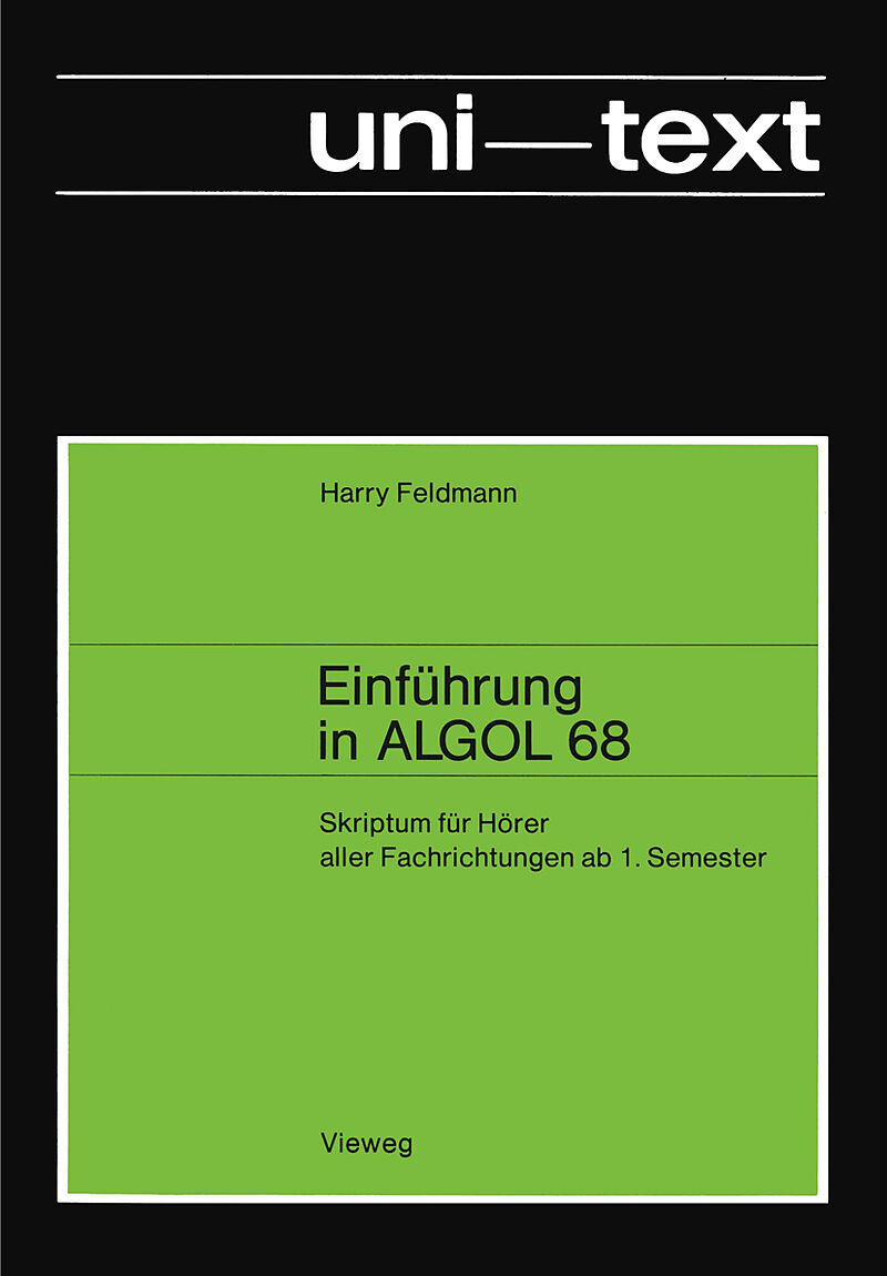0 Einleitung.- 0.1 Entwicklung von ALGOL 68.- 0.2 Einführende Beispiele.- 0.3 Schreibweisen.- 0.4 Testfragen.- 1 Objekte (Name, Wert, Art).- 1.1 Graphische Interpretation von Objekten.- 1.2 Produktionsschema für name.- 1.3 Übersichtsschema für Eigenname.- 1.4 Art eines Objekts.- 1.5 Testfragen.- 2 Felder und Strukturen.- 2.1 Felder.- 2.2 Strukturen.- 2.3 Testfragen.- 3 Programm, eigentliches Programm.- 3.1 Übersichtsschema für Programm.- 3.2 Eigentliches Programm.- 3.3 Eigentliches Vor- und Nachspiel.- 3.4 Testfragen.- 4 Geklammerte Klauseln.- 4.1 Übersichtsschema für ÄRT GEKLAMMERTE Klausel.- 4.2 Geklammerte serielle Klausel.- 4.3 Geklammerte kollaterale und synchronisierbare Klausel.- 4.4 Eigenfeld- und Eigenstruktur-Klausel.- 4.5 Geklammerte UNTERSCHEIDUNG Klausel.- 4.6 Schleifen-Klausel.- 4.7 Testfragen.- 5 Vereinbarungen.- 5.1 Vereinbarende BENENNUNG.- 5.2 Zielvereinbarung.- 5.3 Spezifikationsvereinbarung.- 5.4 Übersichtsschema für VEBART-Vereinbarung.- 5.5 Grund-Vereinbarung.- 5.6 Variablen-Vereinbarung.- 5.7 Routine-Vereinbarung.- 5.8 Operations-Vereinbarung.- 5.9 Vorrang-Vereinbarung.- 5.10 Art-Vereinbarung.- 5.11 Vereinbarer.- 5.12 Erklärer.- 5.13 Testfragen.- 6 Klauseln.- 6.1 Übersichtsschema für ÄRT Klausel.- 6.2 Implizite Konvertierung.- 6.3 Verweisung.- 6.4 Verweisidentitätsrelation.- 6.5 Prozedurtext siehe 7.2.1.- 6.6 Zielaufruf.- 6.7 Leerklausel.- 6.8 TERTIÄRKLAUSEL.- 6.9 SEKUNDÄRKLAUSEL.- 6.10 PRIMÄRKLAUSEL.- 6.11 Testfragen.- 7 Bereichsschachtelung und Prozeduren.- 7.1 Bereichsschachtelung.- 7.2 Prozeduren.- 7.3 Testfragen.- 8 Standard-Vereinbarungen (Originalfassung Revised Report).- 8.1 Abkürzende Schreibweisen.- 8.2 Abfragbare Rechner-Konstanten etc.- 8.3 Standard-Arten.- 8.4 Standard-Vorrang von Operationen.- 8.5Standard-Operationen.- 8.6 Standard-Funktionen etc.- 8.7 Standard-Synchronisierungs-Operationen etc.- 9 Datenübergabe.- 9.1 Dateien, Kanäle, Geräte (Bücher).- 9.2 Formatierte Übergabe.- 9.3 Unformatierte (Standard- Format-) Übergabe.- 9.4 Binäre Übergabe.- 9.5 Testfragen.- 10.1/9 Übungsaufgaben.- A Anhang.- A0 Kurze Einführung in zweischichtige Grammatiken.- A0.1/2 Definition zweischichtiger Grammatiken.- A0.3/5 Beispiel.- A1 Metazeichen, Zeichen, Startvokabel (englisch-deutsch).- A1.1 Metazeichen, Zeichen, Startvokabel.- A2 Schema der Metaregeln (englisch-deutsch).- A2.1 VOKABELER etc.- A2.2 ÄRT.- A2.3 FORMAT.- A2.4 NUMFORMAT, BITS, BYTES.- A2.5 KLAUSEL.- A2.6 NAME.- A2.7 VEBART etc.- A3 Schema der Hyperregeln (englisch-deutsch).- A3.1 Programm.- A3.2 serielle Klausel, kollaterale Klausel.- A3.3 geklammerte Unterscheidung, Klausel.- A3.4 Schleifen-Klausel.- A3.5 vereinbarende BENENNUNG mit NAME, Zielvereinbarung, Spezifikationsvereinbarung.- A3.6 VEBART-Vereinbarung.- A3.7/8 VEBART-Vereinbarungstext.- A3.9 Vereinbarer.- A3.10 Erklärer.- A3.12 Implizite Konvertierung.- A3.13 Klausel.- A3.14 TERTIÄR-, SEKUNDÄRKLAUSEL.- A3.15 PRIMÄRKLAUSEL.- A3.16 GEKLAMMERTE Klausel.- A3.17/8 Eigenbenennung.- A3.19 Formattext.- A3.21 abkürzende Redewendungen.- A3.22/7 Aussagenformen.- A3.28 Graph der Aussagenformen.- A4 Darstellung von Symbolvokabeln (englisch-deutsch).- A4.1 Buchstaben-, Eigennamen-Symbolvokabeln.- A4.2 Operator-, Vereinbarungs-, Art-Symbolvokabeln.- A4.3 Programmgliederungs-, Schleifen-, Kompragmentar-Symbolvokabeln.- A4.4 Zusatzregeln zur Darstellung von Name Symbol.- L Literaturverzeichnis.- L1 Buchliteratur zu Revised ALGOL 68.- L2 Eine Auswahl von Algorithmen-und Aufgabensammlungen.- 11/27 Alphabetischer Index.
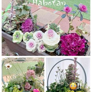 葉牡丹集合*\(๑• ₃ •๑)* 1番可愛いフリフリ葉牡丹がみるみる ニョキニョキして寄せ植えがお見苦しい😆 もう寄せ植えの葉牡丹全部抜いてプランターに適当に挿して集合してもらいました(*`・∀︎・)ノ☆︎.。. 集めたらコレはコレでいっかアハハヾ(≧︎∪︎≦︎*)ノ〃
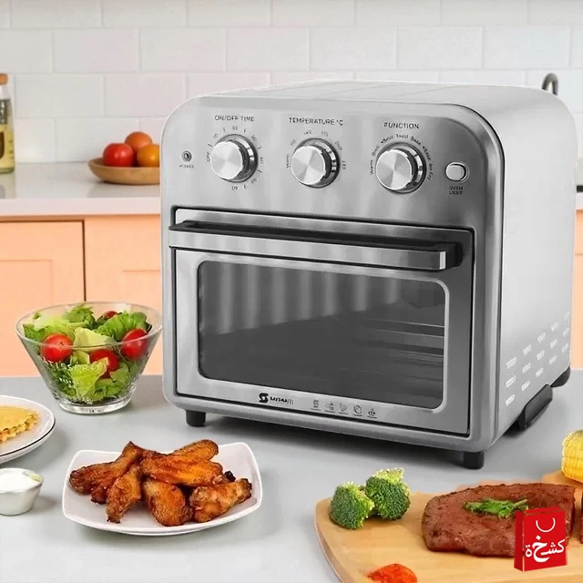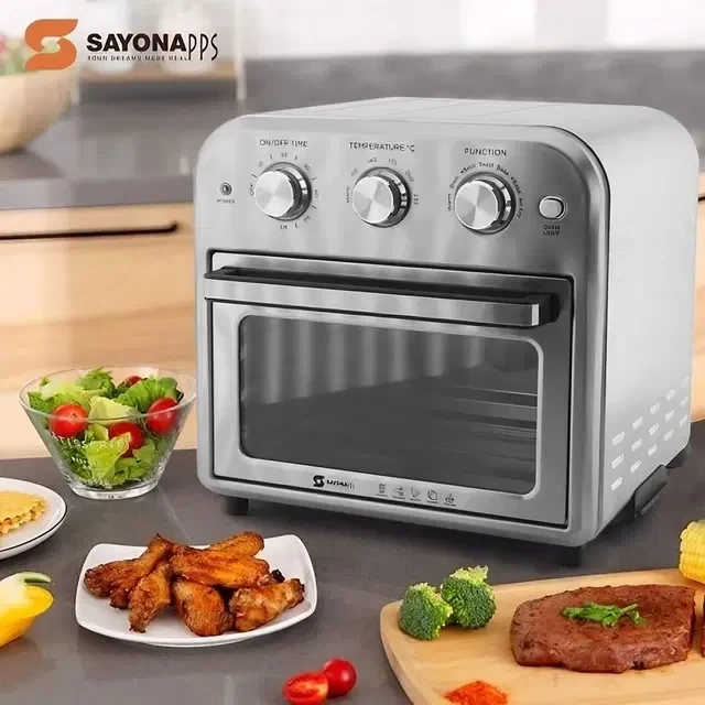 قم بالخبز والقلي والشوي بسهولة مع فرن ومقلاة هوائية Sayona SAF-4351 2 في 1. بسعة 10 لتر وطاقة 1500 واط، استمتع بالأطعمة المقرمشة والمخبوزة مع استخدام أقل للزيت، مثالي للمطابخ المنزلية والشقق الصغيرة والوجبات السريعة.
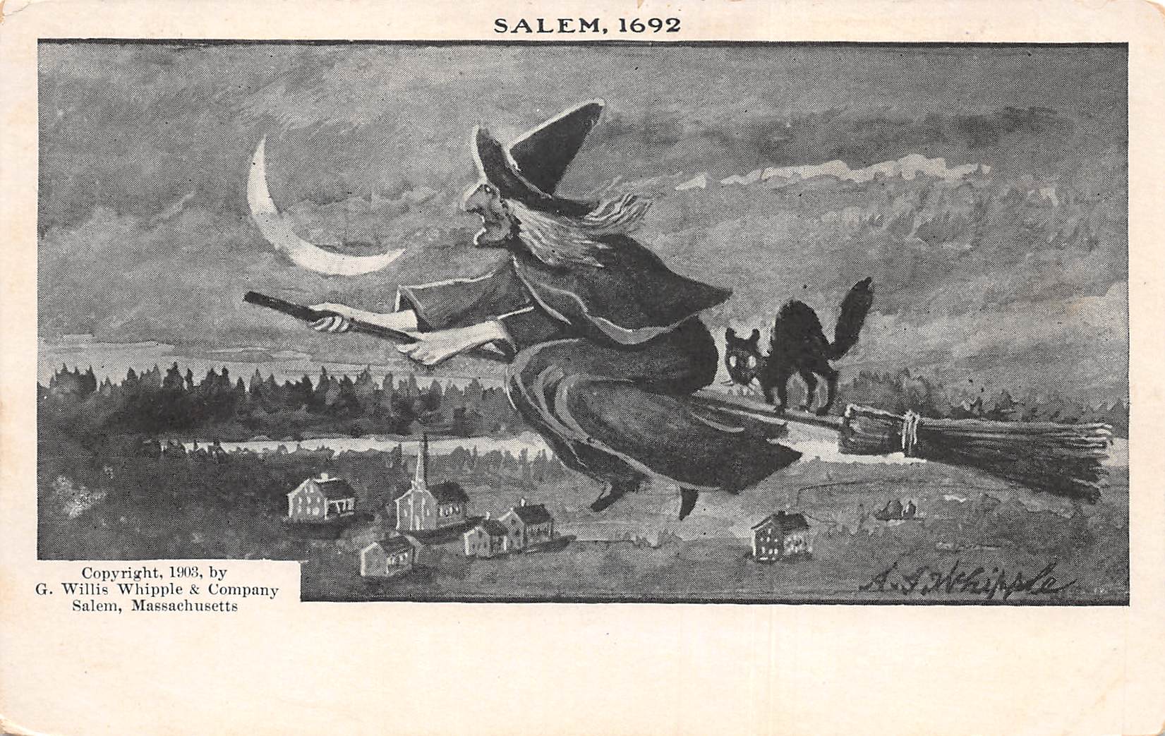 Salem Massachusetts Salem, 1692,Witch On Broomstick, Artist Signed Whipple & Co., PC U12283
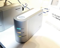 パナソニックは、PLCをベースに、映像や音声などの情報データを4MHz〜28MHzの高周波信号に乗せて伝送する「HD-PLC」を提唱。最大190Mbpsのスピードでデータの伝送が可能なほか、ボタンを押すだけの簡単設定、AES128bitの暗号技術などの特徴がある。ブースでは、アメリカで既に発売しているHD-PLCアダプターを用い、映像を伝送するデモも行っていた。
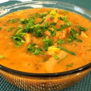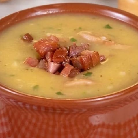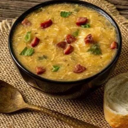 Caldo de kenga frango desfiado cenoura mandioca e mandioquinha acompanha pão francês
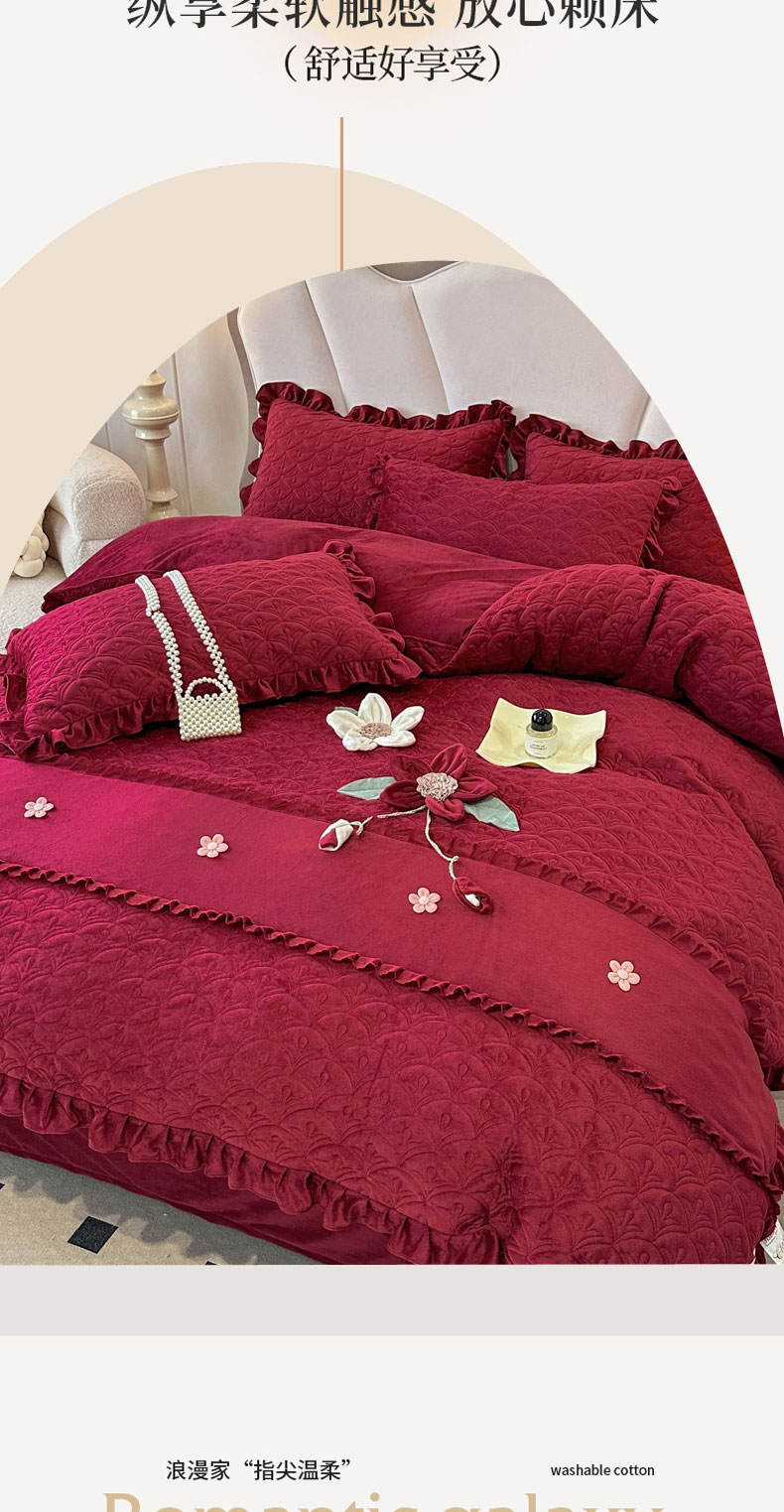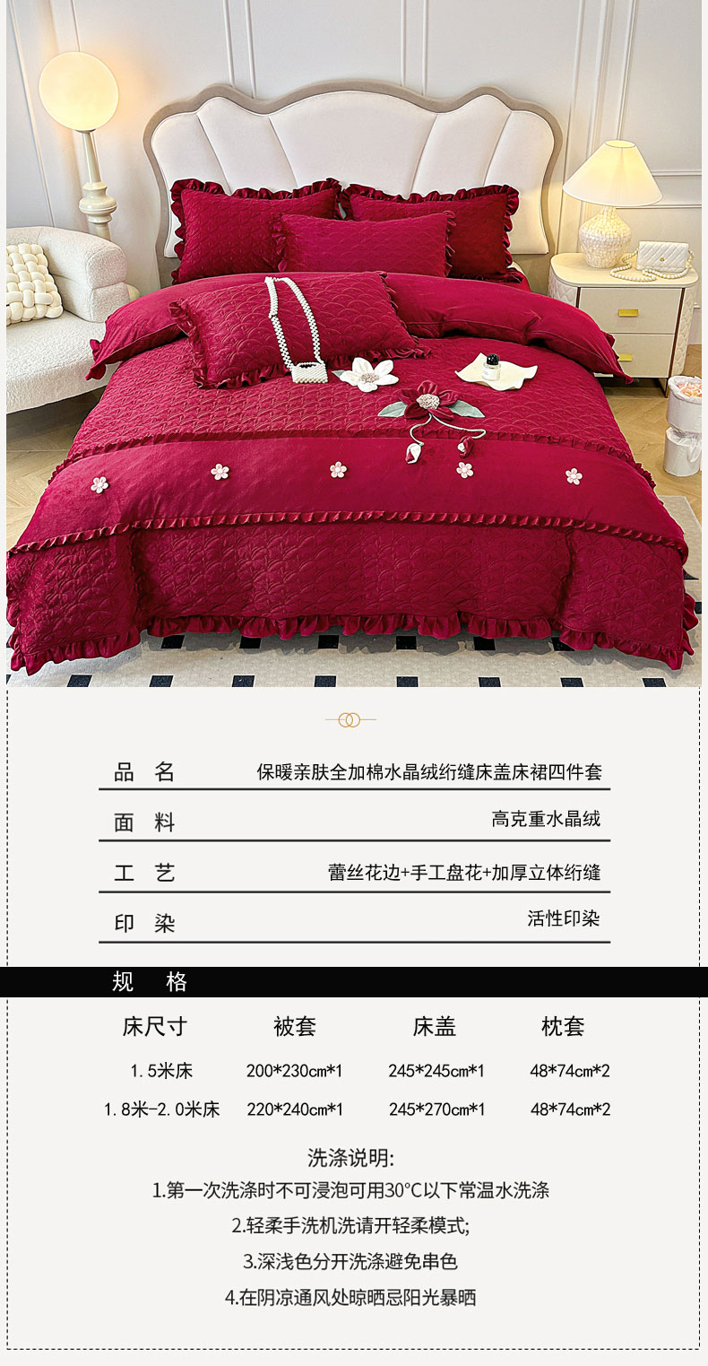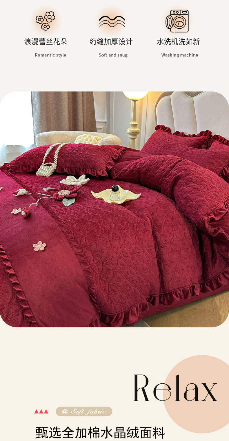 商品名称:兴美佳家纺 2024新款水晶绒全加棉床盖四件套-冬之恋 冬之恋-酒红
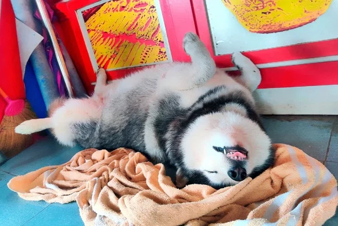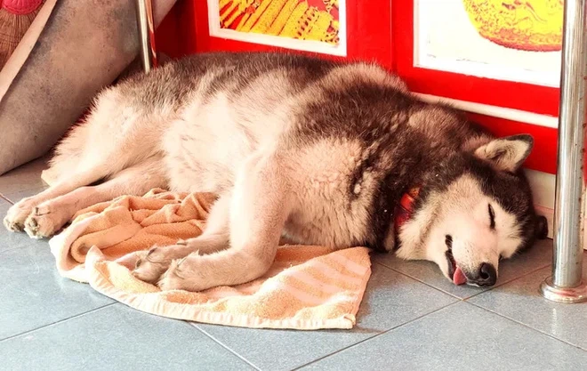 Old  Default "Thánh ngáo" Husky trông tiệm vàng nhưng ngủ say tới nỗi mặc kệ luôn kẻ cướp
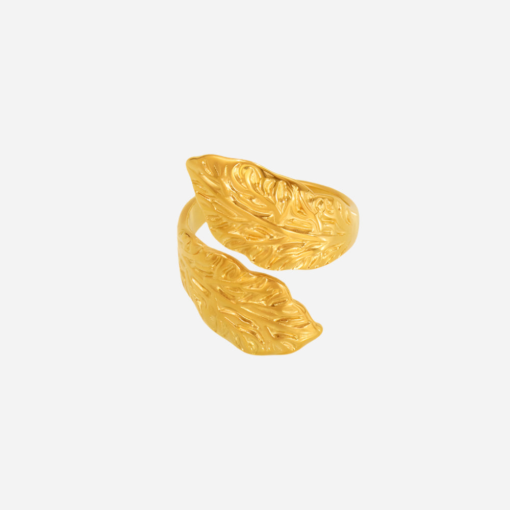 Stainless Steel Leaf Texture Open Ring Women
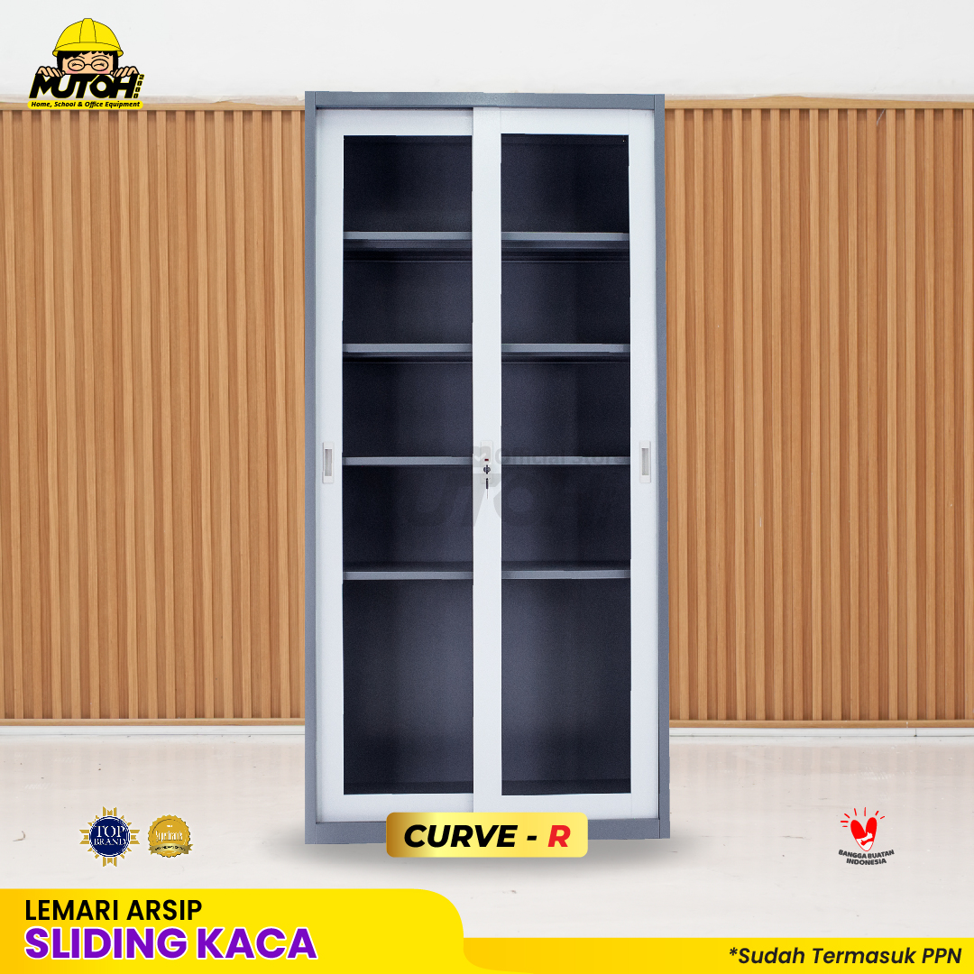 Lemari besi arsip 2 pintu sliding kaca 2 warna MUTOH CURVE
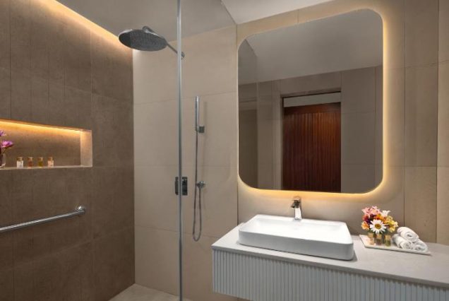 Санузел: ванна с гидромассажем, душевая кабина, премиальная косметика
____
ASSIGNMENT | Write out exactly the lines from the one that contains "luôn kẻ cướp" through the last line of the data above, both included. Leave every picture out.

EXPECTED OUTPUT |
 Old  Default "Thánh ngáo" Husky trông tiệm vàng nhưng ngủ say tới nỗi mặc kệ luôn kẻ cướp
 Stainless Steel Leaf Texture Open Ring Women
 Lemari besi arsip 2 pintu sliding kaca 2 warna MUTOH CURVE
 Санузел: ванна с гидромассажем, душевая кабина, премиальная косметика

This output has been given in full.